Java DFS Recursion Wouldn't Pass {0,0,0}


  • 2
    G
    private Set<UndirectedGraphNode> visited = new HashSet<>();
    
    public UndirectedGraphNode cloneGraph(UndirectedGraphNode node) {
        if(node == null){
            return null;
        }
    
        UndirectedGraphNode clone = new UndirectedGraphNode(node.label);
        visited.add(node);
    
        for(int i = 0; i < node.neighbors.size(); i++){
            UndirectedGraphNode neighbor = node.neighbors.get(i);
            // only recurse once
            if(!visited.contains(neighbor)){
                clone.neighbors.add(cloneGraph(neighbor));
            }else{
                clone.neighbors.add(new UndirectedGraphNode(neighbor.label));
            }
        }
        return clone;
    }
    

    The thoughts of this algorithm is to only start a new sub-call/recursion if a node is not visited yet, otherwise just make a new node and add to neighbors list.

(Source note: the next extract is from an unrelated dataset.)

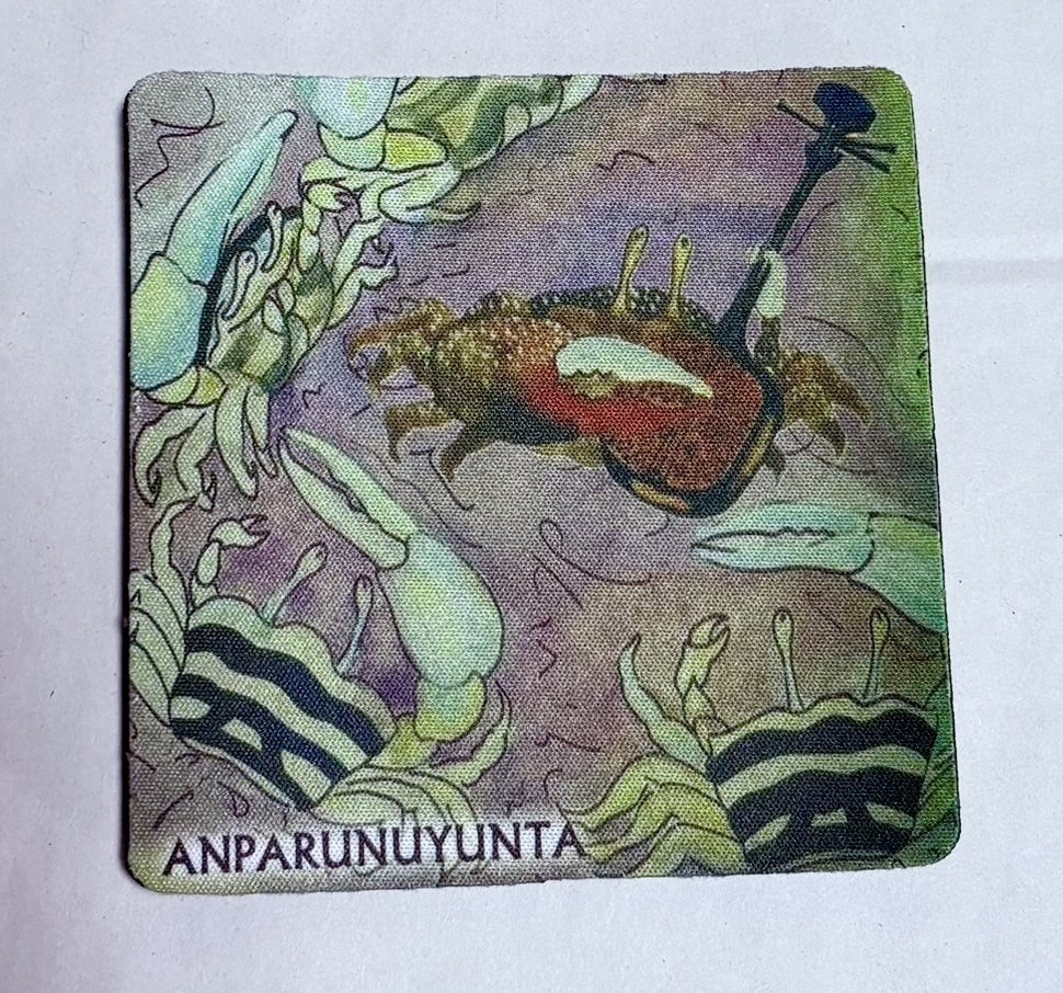 アンパルの代表のカニ、シオマネキのコースター(10cm×10cm)をお届けします。 絵本「あんぱるぬゆんた」から絵本「あんぱるぬゆんた」より、シオマネキが三線を弾き、踊る一場面を印刷しました。 布に印刷して、ラバーに接着されたものです。本クラウドファンディングオリジナルで作成しました。当会の活動以外では販売しておりません。

    The {0,0,0} test case results in {0,0,0#0#0} instead of {0,0,0}, I ran my code locally with {0,0,0} and it was able to print out correct results. Any help would be appreciated.


  • 0
    G

    Finally I realized what the problem is. Instead of creating a new copy if a node is visited, I should use the reference to the original copy, see below.

    private Map<UndirectedGraphNode,UndirectedGraphNode> visited = new HashMap<>();
    
    public UndirectedGraphNode cloneGraph(UndirectedGraphNode node) {
        if(node == null){
            return null;
        }
    
        UndirectedGraphNode clone = new UndirectedGraphNode(node.label);
        visited.put(node, clone);
    
        for(int i = 0; i < node.neighbors.size(); i++){
            UndirectedGraphNode neighbor = node.neighbors.get(i);
            // only recurse once
            if(!visited.containsKey(neighbor)){
                clone.neighbors.add(cloneGraph(neighbor));
            }else{
                clone.neighbors.add(visited.get(neighbor));
            }
        }
        return clone;
    }

  • 0
    E

    Encountered the same problem, your solution is correct, but why should it be a reference to the original copy instead of a new copy? I still dont understand.


  • 0
    W

    The key is original copy but the value is new one.


  • 0
    S

    @gwang8 said in Java DFS Recursion Wouldn't Pass {0,0,0}:

    I can't understand the test case {0,0,0}. The statement "Nodes are labeled uniquely." made me think that every node has unique label value. So, what's the meaning of this test case? Can you help me ?


  • 0
    G

    @saleo In this case, 0 is the node and it has two self connections, thus 0,0,0


  • 0
    G

    @ender725 A node could be visited multiple times, we don't want to create a new clone every time we visit it. Therefore we always want to use the clone we created when visiting a node for the first time, which is visited.get(neighbor)


  • 0
    S

    @gwang8
    I have solved this problem. thanks a lot !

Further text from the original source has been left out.